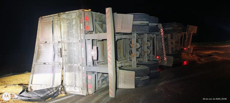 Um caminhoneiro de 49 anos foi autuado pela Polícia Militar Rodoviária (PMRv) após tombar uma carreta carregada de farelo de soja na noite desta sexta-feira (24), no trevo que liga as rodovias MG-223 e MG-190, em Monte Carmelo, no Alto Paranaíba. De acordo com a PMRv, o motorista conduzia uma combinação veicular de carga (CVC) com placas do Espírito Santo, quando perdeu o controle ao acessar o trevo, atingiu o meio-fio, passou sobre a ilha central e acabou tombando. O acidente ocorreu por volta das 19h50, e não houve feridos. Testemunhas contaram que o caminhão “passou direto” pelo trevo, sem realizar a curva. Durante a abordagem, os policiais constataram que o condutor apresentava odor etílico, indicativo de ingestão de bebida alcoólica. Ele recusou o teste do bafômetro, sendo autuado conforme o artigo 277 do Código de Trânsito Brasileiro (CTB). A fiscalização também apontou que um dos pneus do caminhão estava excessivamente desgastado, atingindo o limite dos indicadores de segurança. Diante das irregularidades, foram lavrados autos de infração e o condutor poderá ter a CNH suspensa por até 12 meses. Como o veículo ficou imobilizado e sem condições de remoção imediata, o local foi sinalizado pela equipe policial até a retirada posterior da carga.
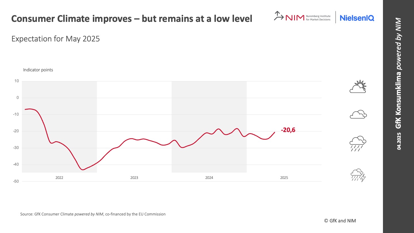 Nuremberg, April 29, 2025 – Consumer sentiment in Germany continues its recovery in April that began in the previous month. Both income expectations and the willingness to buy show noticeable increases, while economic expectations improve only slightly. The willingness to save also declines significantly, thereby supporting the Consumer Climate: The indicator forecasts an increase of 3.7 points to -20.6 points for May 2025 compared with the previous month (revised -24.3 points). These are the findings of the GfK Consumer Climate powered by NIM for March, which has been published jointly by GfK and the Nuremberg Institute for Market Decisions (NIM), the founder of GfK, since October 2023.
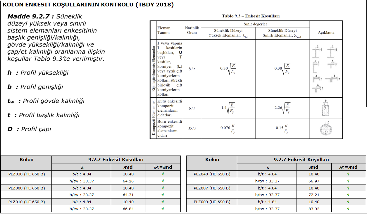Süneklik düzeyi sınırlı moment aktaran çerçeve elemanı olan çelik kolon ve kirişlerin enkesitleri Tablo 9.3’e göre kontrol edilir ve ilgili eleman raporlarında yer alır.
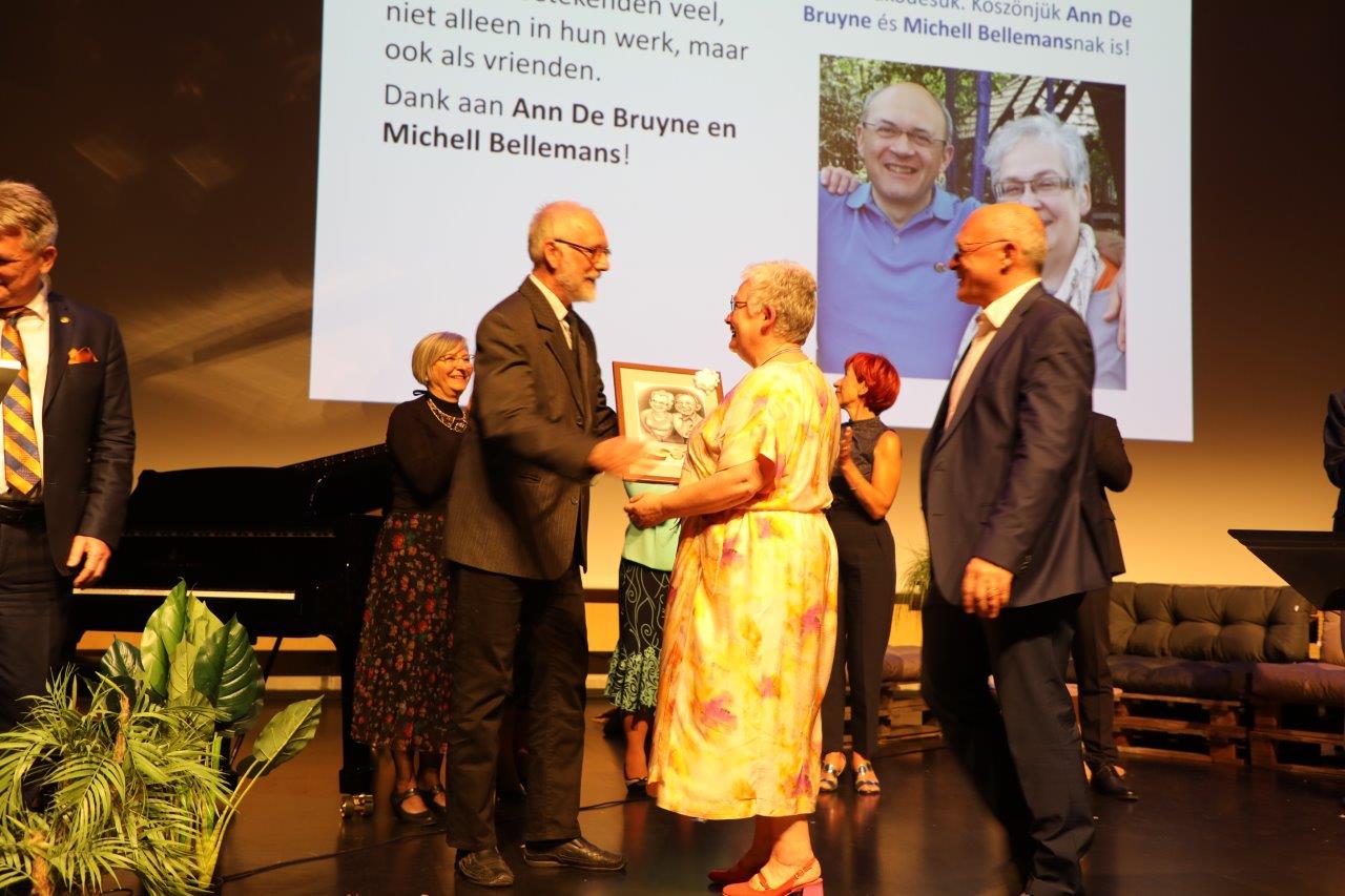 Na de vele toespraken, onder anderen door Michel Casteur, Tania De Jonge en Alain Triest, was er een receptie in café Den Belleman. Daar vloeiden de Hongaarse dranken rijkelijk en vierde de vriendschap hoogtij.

==

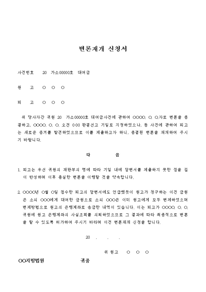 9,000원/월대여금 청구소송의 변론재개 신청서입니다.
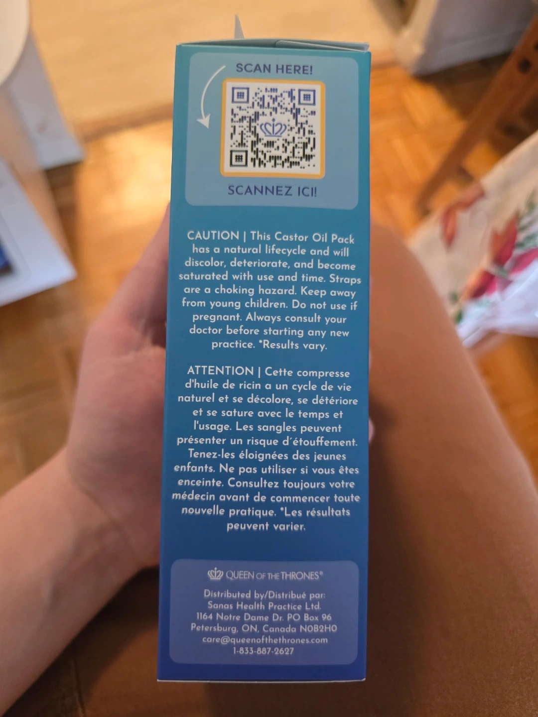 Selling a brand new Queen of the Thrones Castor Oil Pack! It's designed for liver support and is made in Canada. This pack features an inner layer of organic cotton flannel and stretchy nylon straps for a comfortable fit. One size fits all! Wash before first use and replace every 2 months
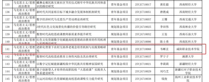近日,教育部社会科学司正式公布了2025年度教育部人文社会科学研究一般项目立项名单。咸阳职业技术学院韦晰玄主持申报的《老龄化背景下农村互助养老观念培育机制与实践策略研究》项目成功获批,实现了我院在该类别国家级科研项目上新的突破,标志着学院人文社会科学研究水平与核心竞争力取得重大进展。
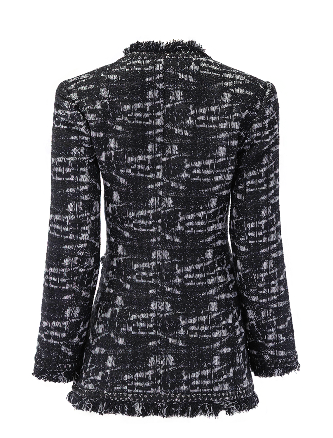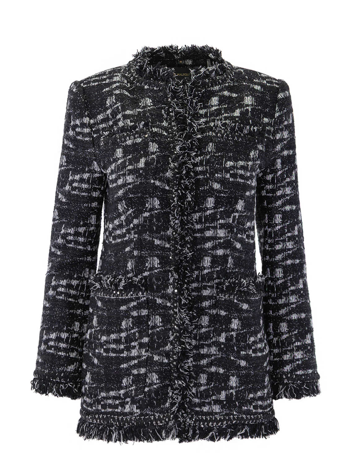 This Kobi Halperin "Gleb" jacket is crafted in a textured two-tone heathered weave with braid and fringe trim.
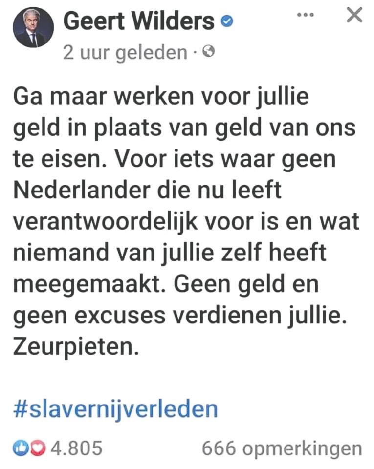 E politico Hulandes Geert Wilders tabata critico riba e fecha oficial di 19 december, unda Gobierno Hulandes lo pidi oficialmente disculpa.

> **PROBLEM DETAILS**
Precisely those lines above that run from the line with "This Kobi Halperin" up to and including the line with "E politico Hulandes" are to be set down, with the pictures omitted.

> **TASK RESPONSE**
 This Kobi Halperin "Gleb" jacket is crafted in a textured two-tone heathered weave with braid and fringe trim.
 E politico Hulandes Geert Wilders tabata critico riba e fecha oficial di 19 december, unda Gobierno Hulandes lo pidi oficialmente disculpa.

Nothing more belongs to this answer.